Copy the TensorRT sample to a writable path. (Missing this step would give you a permission error)

cp -r /usr/src/tensorrt/ $HOME/tensorrt-samples

Go to the sampleMNIST example.

cd  $HOME/tensorrt-samples/samples/sampleMNIST

Compile it.

make

Before running our MNIST example, let’s download some data for inference.

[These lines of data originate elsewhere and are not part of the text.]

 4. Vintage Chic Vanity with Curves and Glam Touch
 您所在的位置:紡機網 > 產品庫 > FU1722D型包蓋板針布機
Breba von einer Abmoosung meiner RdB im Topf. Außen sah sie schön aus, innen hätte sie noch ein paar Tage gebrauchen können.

The provided download_pgms.py script uses python3 and the libraries pillow and numpy First we install the libraries and needed tools.

To install python packages, you need Package Installer for Python (pip) to be installed.
To install pip for python3

sudo apt install python3-pip python3-dev

To install the packages using pip

python3 -m pip install numpy pillow

We need to install curl, a very powerful tool to transfer data using various network protocols, to download the sample dataset.

sudo apt install curl

Second, we download and extract the data needed from Yann LeCun’s website.

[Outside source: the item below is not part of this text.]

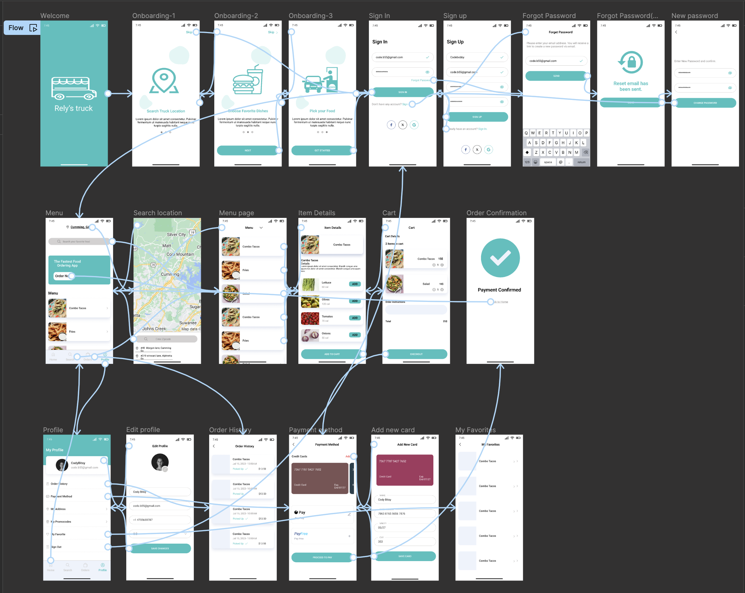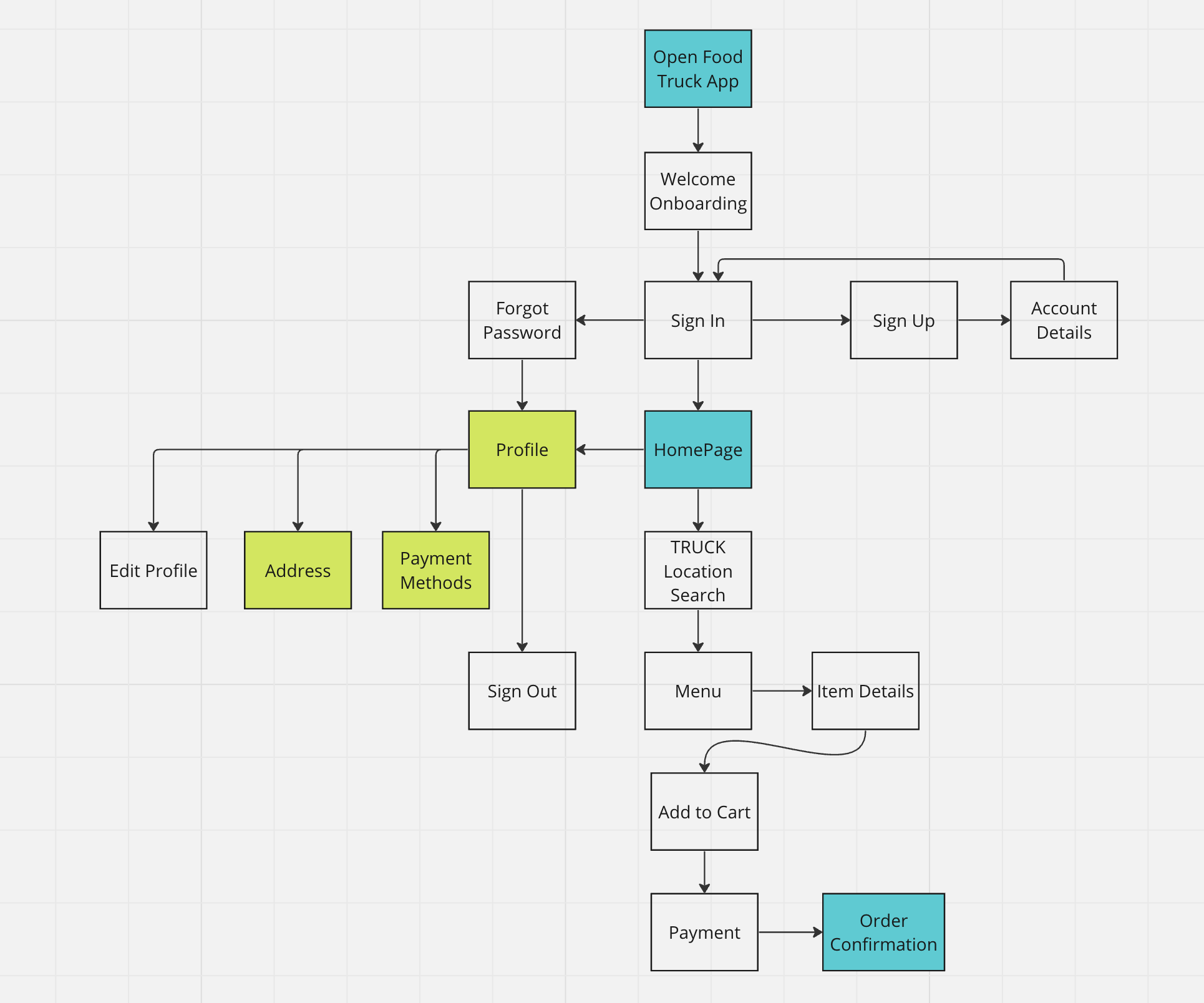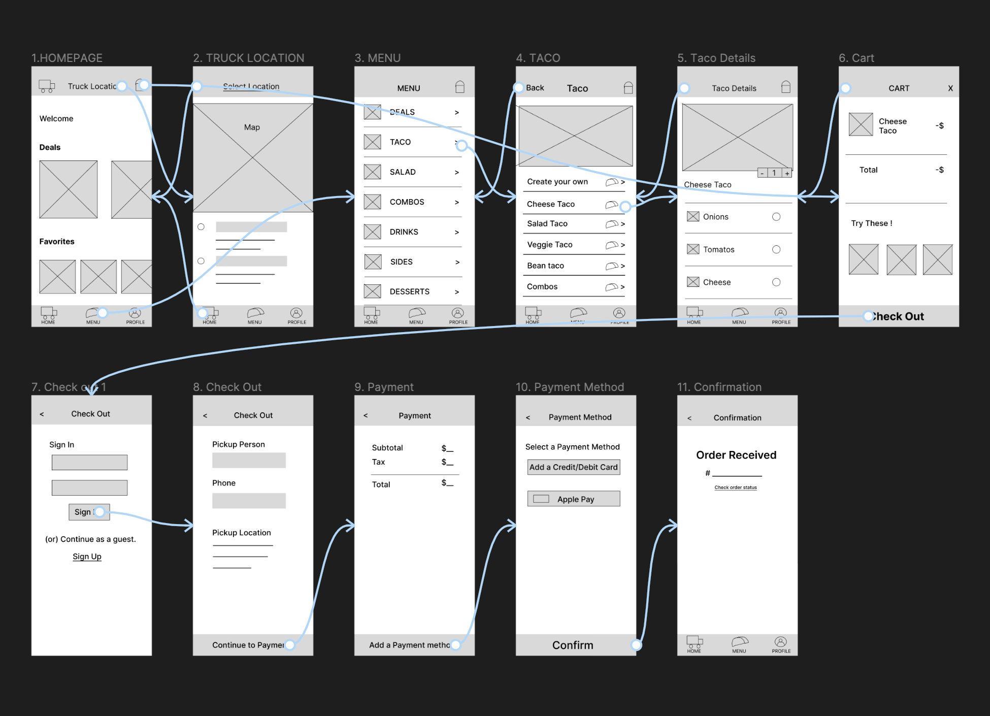 A user journey map was created to visually represent the steps taken by users from discovering the food truck to receiving their order. This tool helped identify key interaction points that needed design improvements.

cd $HOME/tensorrt-samples/data/mnist
curl http://yann.lecun.com/exdb/mnist/train-images-idx3-ubyte.gz -o train-images-idx3-ubyte.gz
gunzip train-images-idx3-ubyte.gz
curl http://yann.lecun.com/exdb/mnist/train-labels-idx1-ubyte.gz -o train-labels-idx1-ubyte.gz
gunzip train-labels-idx1-ubyte.gz

Third, we run the data download script

python3 download_pgms.py

Finally, we run the MNIST sample.

cd $HOME/tensorrt-samples/bin && ./sample_mnist
&&&& RUNNING TensorRT.sample_mnist # ./sample_mnist
[08/21/2020-10:51:14] [I] Building and running a GPU inference engine for MNIST
[08/21/2020-10:51:15] [I] [TRT] Detected 1 inputs and 1 output network tensors.
[08/21/2020-10:51:15] [I] Input:
@@@@@@@@@@@@@@@@@@@@@@@@@@@@
@@@@@@@@@@@@@@@@@@@@@@@@@@@@
@@@@@@@@@@@@@@@@@@@@@@@@@@@@
@@@@@@@@@@@@@@@@@@@@@@@@@@@@
@@@@@@@@@@@@@@@@@@@@@@@@@@@@
@@@@@@@@@@@@@@@@@@@@@@@@@@@@
@@@@@@@@@@@@@@@@@@@@@@@@@@@@
@@@@@@@@@@@@#=.  +*=#@@@@@@@
@@@@@@@@@@@*   :.   -@@@@@@@
@@@@@@@@@@#  :#@@:  +@@@@@@@
@@@@@@@@@*  :@@@*  .@@@@@@@@
@@@@@@@@=  =@@@@.  *@@@@@@@@
@@@@@@@=  -@@@@*  =@@@@@@@@@
@@@@@@@  -@@@%:  -@@@@@@@@@@
@@@@@@%  %%+:    *@@@@@@@@@@
@@@@@@@      ..  @@@@@@@@@@@
@@@@@@@#  .=%%: =@@@@@@@@@@@
@@@@@@@@@@@@@#  +@@@@@@@@@@@
@@@@@@@@@@@@@#  @@@@@@@@@@@@
@@@@@@@@@@@@@@  @@@@@@@@@@@@
@@@@@@@@@@@@@#  @@@@@@@@@@@@
@@@@@@@@@@@@@+  @@@@@@@@@@@@
@@@@@@@@@@@@@%  @@@@@@@@@@@@
@@@@@@@@@@@@@@. #@@@@@@@@@@@
@@@@@@@@@@@@@@* :%@@@@@@@@@@
@@@@@@@@@@@@@@@: -@@@@@@@@@@
@@@@@@@@@@@@@@@@= %@@@@@@@@@
@@@@@@@@@@@@@@@@@@@@@@@@@@@@

[08/21/2020-10:51:15] [I] Output:
0: 
1: 
2: 
3: 
4: 
5: 
6: 
7: 
8: 
9: **********

&&&& PASSED TensorRT.sample_mnist # ./sample_mnist

It is alive! Given a picture of a 9, we were able to predict that it is the actual digit 9 (** next to the 9).
You may have different numbers, the important part is seeing “PASSED” with a similar output to this one.

Conclusion

Congratulations! Your system is now ready to be used for many applications which leverage your NVIDIA GPU.
If you are interested in CUDA, cudNN, and TensorRT, you have the samples ready to use!

References

Important

Make sure to check the version of the documentation. Sometimes it points to the latest version only and it may not be compatible with the version you need!